Data for review
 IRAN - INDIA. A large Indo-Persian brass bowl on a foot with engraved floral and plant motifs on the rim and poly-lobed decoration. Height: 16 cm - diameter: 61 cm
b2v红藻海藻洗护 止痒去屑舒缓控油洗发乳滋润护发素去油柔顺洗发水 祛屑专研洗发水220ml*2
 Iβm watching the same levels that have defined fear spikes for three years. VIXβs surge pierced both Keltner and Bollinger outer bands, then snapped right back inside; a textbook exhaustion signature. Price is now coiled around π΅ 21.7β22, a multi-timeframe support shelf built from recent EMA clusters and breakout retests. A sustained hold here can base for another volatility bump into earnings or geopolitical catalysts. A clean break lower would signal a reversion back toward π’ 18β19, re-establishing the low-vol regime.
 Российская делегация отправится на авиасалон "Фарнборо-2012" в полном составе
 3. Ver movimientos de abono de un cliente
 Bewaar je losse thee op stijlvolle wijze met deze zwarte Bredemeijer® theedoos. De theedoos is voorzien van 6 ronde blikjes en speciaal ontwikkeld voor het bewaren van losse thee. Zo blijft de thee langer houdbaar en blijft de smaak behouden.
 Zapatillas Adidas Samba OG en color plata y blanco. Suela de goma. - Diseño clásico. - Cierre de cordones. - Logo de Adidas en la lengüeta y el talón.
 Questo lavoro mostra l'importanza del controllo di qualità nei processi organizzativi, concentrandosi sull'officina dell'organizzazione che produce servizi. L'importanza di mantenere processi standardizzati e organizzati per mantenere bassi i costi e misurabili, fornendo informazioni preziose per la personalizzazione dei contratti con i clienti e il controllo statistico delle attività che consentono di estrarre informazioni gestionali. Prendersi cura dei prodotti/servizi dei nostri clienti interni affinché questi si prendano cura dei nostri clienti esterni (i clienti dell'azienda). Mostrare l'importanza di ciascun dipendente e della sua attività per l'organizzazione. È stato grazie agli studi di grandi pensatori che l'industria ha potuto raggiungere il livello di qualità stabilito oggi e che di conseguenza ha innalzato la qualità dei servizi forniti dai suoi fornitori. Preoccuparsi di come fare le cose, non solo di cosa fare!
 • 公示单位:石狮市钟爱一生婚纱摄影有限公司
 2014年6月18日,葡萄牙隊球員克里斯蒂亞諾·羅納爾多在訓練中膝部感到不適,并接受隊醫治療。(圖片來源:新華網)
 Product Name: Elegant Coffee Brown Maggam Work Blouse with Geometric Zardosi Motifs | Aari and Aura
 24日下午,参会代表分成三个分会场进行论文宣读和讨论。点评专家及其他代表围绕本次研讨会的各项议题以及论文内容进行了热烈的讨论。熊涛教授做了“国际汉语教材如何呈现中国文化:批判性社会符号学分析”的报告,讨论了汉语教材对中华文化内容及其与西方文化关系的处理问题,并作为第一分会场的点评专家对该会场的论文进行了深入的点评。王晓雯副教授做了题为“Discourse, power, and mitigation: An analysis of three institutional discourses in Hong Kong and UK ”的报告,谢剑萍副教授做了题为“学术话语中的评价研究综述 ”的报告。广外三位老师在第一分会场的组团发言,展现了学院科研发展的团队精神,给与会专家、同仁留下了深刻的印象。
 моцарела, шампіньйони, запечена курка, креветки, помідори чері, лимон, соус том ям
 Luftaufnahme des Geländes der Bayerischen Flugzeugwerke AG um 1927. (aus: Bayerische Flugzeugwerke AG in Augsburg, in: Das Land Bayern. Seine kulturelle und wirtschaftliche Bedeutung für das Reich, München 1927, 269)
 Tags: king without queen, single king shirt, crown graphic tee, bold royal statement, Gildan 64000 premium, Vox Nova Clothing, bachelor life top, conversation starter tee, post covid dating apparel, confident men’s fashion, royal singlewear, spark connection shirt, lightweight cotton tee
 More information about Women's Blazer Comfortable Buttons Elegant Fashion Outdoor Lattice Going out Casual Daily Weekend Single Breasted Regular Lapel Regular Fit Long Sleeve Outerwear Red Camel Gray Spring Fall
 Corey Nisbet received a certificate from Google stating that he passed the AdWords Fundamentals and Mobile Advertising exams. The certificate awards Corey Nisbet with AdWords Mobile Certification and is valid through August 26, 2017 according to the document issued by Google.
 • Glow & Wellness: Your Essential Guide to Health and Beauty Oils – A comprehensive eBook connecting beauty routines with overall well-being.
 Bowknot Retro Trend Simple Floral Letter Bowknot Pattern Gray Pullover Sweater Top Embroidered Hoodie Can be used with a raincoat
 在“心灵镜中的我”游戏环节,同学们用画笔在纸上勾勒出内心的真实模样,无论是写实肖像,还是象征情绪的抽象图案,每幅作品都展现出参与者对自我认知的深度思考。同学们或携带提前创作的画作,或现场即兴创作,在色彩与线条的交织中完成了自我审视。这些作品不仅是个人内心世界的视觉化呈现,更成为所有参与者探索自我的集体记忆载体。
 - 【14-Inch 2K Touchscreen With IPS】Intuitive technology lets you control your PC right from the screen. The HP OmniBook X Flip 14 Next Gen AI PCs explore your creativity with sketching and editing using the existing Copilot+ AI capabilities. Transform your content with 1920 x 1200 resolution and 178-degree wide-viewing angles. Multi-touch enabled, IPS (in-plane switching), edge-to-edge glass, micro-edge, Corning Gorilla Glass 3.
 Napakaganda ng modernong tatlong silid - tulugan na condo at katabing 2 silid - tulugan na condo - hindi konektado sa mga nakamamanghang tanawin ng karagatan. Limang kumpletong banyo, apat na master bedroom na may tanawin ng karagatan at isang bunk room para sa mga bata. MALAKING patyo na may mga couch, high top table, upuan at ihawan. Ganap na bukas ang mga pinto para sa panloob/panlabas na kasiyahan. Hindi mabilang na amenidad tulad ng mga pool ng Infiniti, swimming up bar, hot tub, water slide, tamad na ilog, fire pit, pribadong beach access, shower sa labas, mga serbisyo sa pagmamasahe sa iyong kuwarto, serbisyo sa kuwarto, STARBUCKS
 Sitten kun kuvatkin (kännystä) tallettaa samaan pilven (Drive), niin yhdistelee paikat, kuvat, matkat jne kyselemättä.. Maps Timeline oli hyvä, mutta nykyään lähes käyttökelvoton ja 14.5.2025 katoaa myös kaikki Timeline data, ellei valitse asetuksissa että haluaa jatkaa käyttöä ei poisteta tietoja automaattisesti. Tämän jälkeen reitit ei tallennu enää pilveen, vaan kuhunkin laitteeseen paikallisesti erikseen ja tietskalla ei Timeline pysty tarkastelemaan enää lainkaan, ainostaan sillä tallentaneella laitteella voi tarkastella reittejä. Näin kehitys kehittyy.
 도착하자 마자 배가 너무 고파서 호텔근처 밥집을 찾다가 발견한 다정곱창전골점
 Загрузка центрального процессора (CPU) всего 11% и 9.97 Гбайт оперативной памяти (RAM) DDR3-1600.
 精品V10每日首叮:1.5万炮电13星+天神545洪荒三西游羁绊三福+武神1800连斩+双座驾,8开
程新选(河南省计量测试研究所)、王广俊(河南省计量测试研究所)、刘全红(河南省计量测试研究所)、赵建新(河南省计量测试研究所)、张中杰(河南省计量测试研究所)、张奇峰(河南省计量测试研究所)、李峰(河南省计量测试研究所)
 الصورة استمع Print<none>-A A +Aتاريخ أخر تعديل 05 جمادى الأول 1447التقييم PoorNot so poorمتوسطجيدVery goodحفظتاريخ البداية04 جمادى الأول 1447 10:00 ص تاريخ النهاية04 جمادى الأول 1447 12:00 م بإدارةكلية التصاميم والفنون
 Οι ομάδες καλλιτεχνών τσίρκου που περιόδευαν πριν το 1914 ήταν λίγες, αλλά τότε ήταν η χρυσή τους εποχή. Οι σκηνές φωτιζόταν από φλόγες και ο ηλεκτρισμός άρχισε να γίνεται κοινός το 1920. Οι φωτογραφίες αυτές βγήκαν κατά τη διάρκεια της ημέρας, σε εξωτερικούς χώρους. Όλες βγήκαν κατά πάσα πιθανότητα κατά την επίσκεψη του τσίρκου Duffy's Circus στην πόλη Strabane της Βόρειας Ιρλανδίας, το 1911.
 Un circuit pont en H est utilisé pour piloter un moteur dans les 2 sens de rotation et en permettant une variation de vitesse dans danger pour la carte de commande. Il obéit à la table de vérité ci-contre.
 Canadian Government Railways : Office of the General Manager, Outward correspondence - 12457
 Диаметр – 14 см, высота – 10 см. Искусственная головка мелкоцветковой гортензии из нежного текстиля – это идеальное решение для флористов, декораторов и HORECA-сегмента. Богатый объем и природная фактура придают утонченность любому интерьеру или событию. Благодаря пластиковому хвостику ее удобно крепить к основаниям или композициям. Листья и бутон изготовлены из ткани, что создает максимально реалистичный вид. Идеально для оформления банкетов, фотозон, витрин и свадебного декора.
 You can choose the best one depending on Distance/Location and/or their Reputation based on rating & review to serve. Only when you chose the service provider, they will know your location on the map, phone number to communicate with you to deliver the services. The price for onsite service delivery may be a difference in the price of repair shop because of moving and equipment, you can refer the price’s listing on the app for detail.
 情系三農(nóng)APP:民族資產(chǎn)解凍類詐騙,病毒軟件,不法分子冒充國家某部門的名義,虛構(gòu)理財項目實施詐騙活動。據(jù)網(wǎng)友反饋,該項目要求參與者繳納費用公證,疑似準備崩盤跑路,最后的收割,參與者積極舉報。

Exercise description
Within the data above, how many lines include the string "Elegant"? Only the number is required.

Output of the task
2